Prime Motor Group of New England is not a small company, but its previous owner
He realized that he was not big enough to compete in this new era. He sold the company – which generated $ 1.5 billion in auto sales, financing and service annually at 25 dealers – to Capstone Automotive Group in September.
Capstone retained Mr. Rosenberg as executive director. It is responsible for expanding into new markets and raising annual revenues to $ 4.5 billion in five years.
"To survive and prosper you need scale and scope and access to capital," he said.
For many years, analysts said that the distributors' business was too fragmented and localized for owners to obtain serious consolidation benefits. But now, large groups of dealerships like
Automotive Group 1
see potential for economies of scale.
Mr. Rosenberg, for example, is using investments from the new owner of its Prime dealership to develop proprietary software for the concession group, launch a financial company and potentially offer subscription services. Such a strategy could reflect Cadillac or
, which charge a fixed monthly fee to buyers for the practically unrestricted use of a variety of vehicles.
Annual car sales have hovered around 17 million for several years and are expected to remain in that range, and dealers of all sizes are benefiting from a resurgence in higher-priced truck and SUV sales thanks to the fall in gas prices.
Even so, dealer margins are reduced in the midst of tough competition and greater price transparency enabled by the Internet. The dealers took home around 2.5% of the sale price of the new average car in 2017, a drop of around 4.7% in 2009, according to data from the National Association of Automobile Dealers; The margins of used cars fell to 6.9% from 10.7% in 2009 during that period.
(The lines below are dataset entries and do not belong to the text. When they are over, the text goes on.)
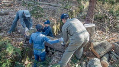 薪狩りの模様 富士山薪ストーブクラブではクラブ会員が協力して薪にする木を調達する作業を行っております。
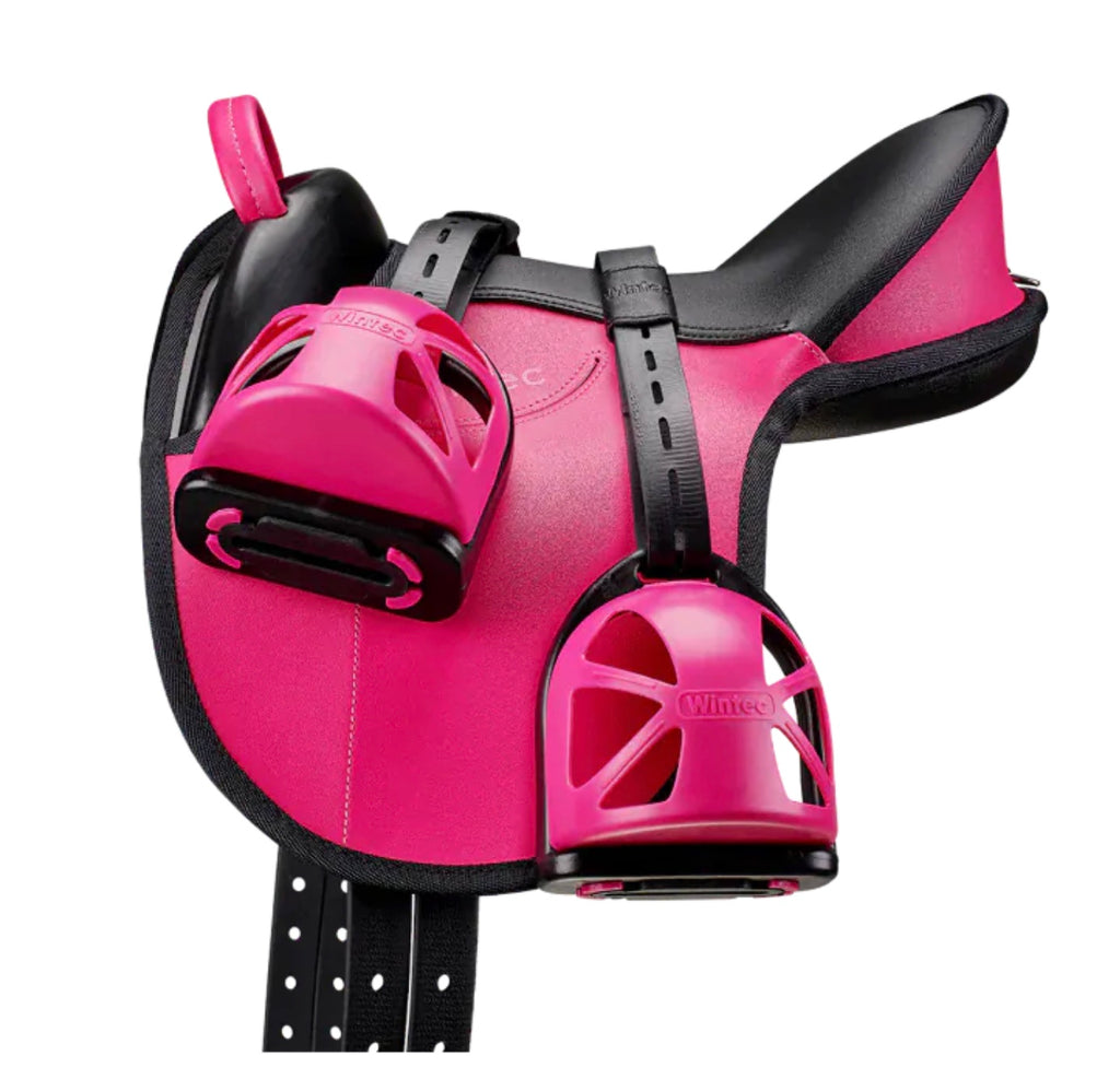 This package combines the Wintec Kids Saddle Pack, the complete solution for beginning riders! This package combines the Wintec Kids saddle, Wintec Kids Webbers, and Wintec Kids Cage Stirrups for a safe, comfortable riding experience. The saddle features a secure handle and movable panels, while the Webbers provide close pony contact. The cage stirrups ensure secure foot placement with a grippy tread. Give your child the best start with the Wintec Kids Saddle Pack!
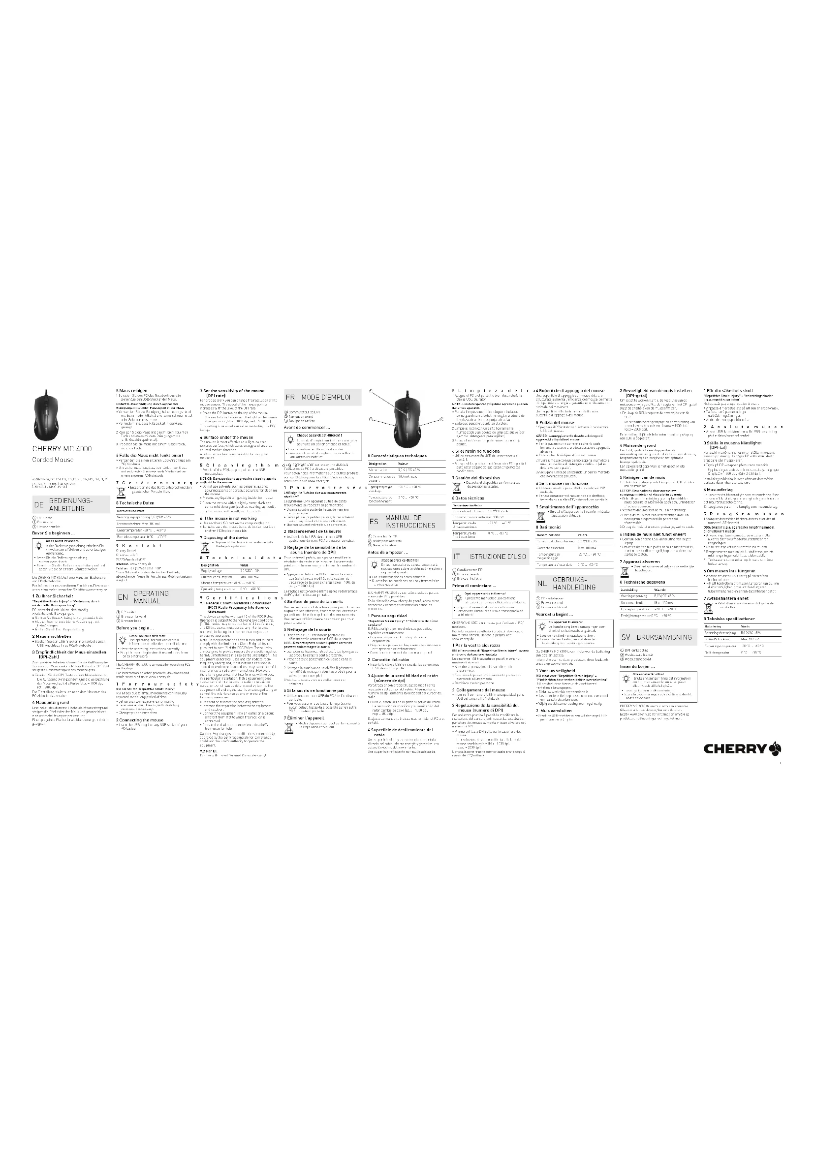 For use with Listed Personal Computers only! Designation Value Supply voltage 5.0 V/DC ±5% Current consumption Max. 100 mA Storage temperature -20 °C ... +60 °C Operating temperature 0 °C ... +50 °C ① Commutateur de DPI ② Navigation avant ③ Navigation arrière Avant de commencer ... Le CHERRY MC 4000 est une souris dédiée à l’utilisation de PC / ordinateurs portables. Pour obtenir des informations sur d'autres produits, sur les téléchargements et bien d'autres choses, consultez le site www.cherry.de. 1Pour votre sécurité LMR signifie "Lésion due aux mouvements répétitifs" Le syndrome LMR apparaît suite à de petits mouvements se répétant en permanence.
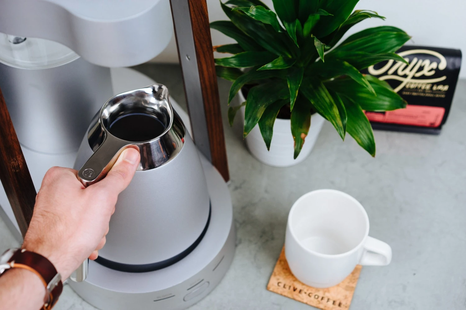 This carafe combines function, elegance, and durability. The insulated dewar body will keep your coffee hot for up to 4 hours after brewing. The 304 stainless steel handle and 18/8 stainless steel dewar body are very resistant to corrosive coffee acids and oils. The counterweighted handle makes pouring feel natural and well-balanced.

More winds are coming against potentials. An example: electric cars, which are expected to represent an increasing share of US sales. UU In the next few years, they need less maintenance than their gasoline counterparts because they have no engine or transmission. That could reduce the revenue that dealers get from their service bays.
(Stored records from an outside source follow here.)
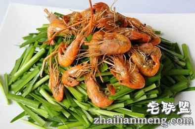 原料有:鲜虾250克,韭菜适量,生姜3片。先将虾去肠去壳,然后爆香姜片,放入鲜虾炒熟。最后放入韭菜略炒,与虾一起上碟即可。虾性味甘、温。蛋白质含量为16.4%,脂肪以及糖类,无机盐,菸酸,维生素A、维生素B1、维生素B2。虾有下乳汁,壮阳道的作用,是一种强壮补精药。此菜可治肾虚、阳痿等症。
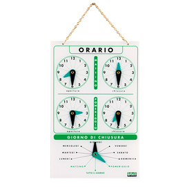 Cartello orario in acrilico con catenina in metallo per appendere. Formato 13x20cm.
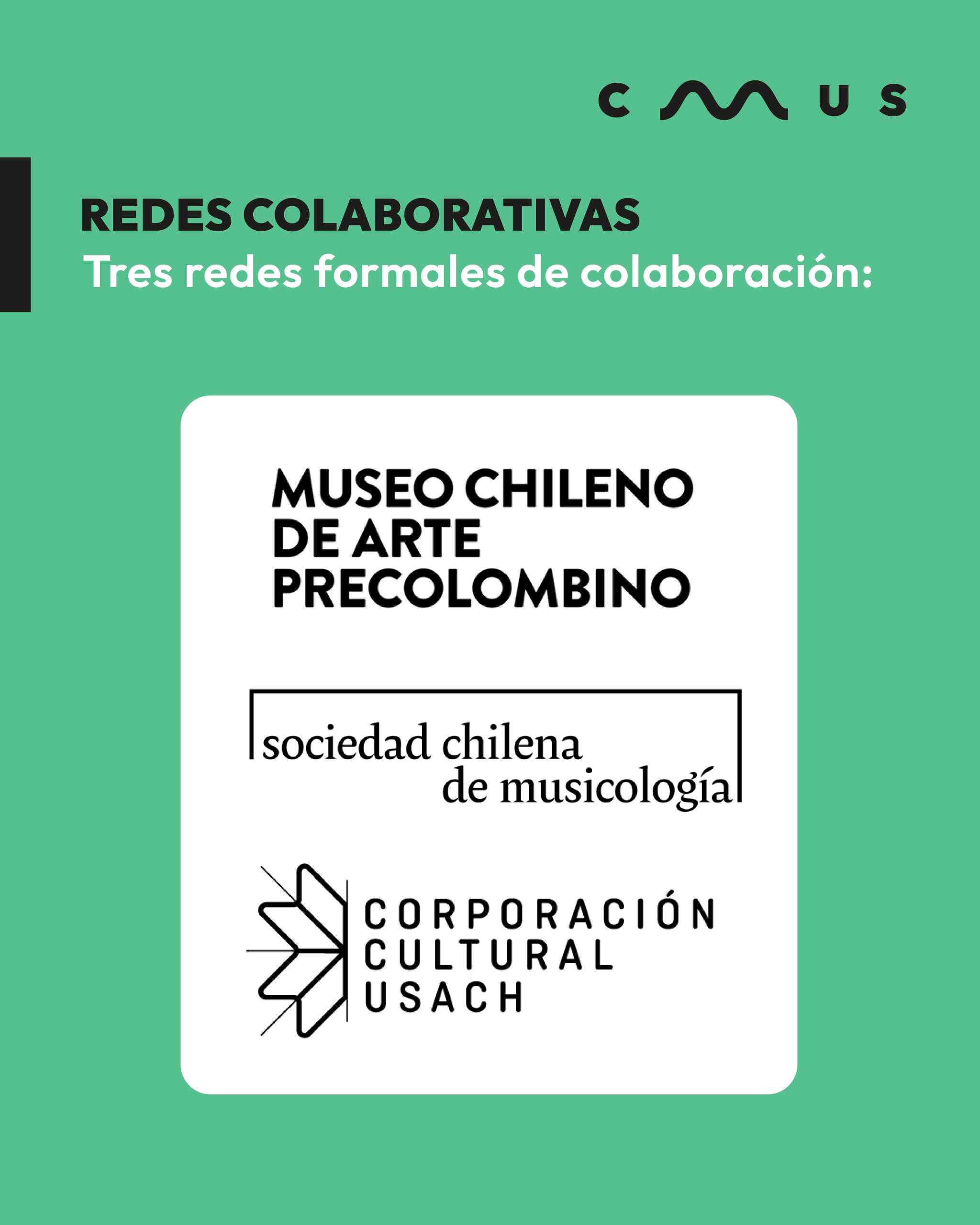Desde su formulación inicial, el CMUS definió el desarrollo de redes formales de colaboración como un eje estratégico orientado a garantizar continuidad institucional, fortalecer el trabajo interdisciplinario y generar condiciones para la producción científica de alto nivel a través de tres convenios principales. En primer lugar, el acuerdo con el Museo Chileno de Arte Precolombino permitió establecer una colaboración orientada al desarrollo de actividades conjuntas en torno a investigación, mediación cultural y circulación del conocimiento, incluyendo el intercambio de investigadores, la organización de eventos y la generación de espacios de diálogo entre investigación académica y prácticas culturales.

In the future, many analysts foresee a time when many Americans will choose not to own a car, relying on a fleet of autonomous, available electric vehicles. that could give dealers a new purpose as a place to load and accommodate vehicles after hours.
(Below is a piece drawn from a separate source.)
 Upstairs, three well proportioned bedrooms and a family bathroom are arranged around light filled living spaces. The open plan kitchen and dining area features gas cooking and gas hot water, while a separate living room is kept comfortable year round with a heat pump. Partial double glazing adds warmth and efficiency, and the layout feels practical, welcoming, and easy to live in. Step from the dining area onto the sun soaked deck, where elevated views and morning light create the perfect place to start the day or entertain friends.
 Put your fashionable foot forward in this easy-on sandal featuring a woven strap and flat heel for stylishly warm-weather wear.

As the profit margins have decreased, a greater part of the value in each concessionaire is in the land in which it is located. In the past, owners often chose to keep their real estate and rent it to the person who bought the dealer. But commercial real estate values in the US UU They have risen more than 25% above the levels prior to the recession, according to the real estate research firm Green Street Advisors, and this has owners who increasingly want to sell everything.